▶ [Raw data]:

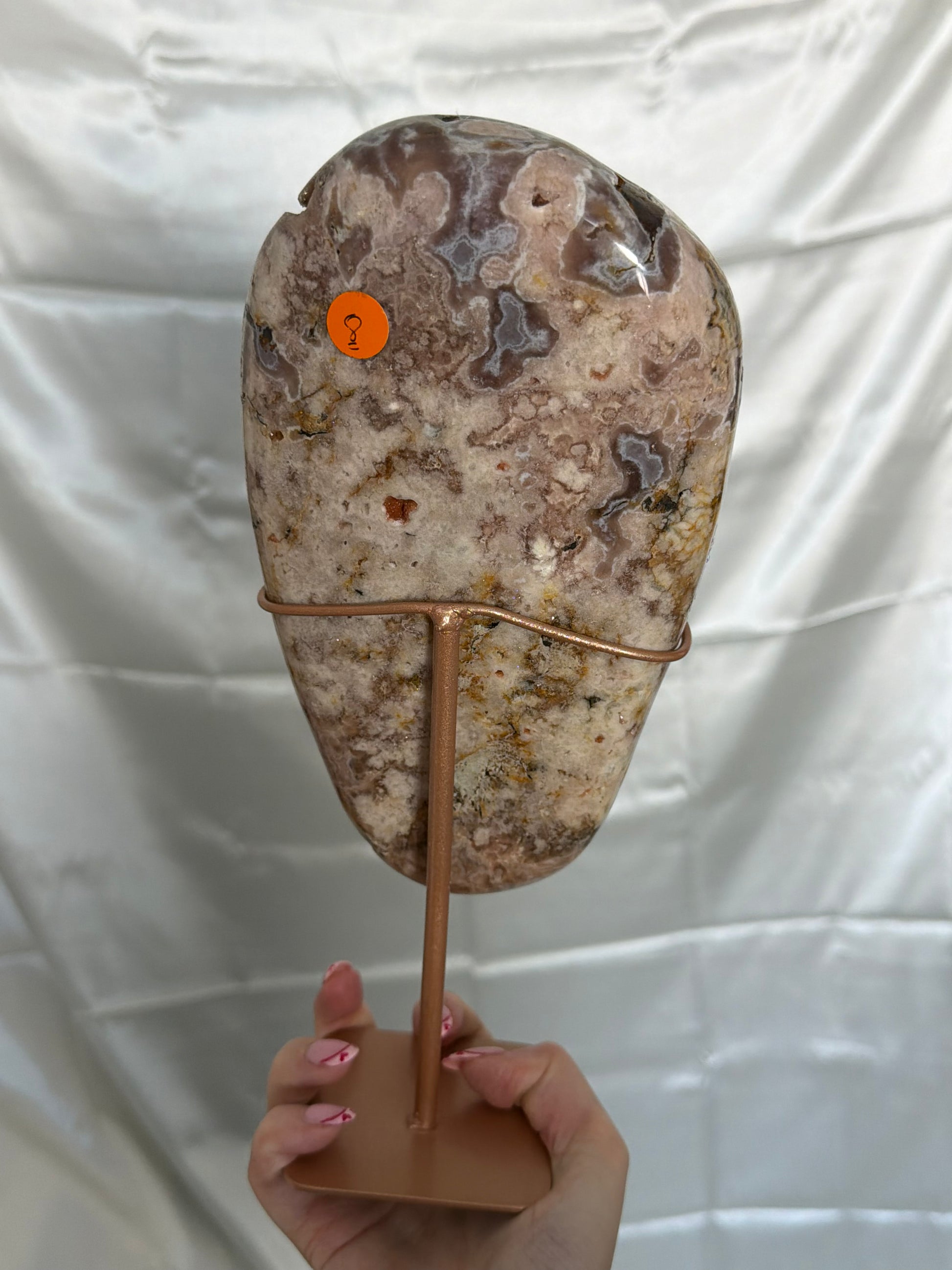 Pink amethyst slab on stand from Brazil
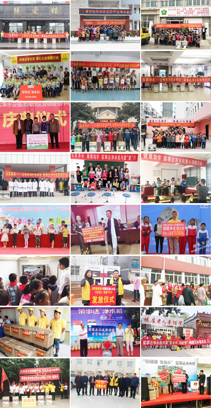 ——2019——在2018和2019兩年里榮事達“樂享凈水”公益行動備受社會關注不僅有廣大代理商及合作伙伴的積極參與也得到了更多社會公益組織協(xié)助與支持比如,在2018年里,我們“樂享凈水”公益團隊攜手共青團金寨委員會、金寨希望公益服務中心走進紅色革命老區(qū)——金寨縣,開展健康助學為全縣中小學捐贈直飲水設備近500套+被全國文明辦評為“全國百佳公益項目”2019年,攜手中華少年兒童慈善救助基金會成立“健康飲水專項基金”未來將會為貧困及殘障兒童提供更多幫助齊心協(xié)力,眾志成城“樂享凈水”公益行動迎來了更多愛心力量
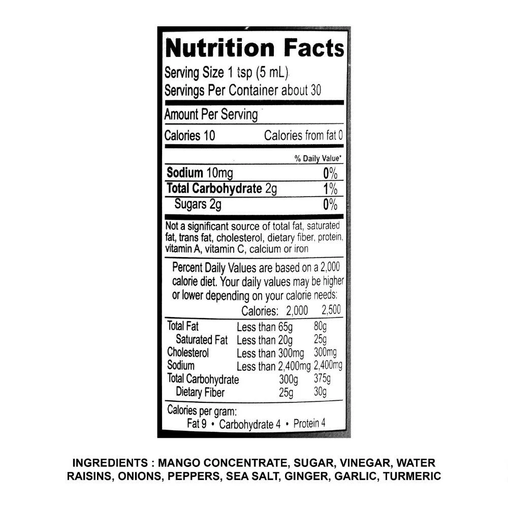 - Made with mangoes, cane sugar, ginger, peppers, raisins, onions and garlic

▶ [What to produce]: With the pictures removed, copy the data above word for word.

▶ [Written response]:
 Pink amethyst slab on stand from Brazil
 ——2019——在2018和2019兩年里榮事達“樂享凈水”公益行動備受社會關注不僅有廣大代理商及合作伙伴的積極參與也得到了更多社會公益組織協(xié)助與支持比如,在2018年里,我們“樂享凈水”公益團隊攜手共青團金寨委員會、金寨希望公益服務中心走進紅色革命老區(qū)——金寨縣,開展健康助學為全縣中小學捐贈直飲水設備近500套+被全國文明辦評為“全國百佳公益項目”2019年,攜手中華少年兒童慈善救助基金會成立“健康飲水專項基金”未來將會為貧困及殘障兒童提供更多幫助齊心協(xié)力,眾志成城“樂享凈水”公益行動迎來了更多愛心力量
 - Made with mangoes, cane sugar, ginger, peppers, raisins, onions and garlic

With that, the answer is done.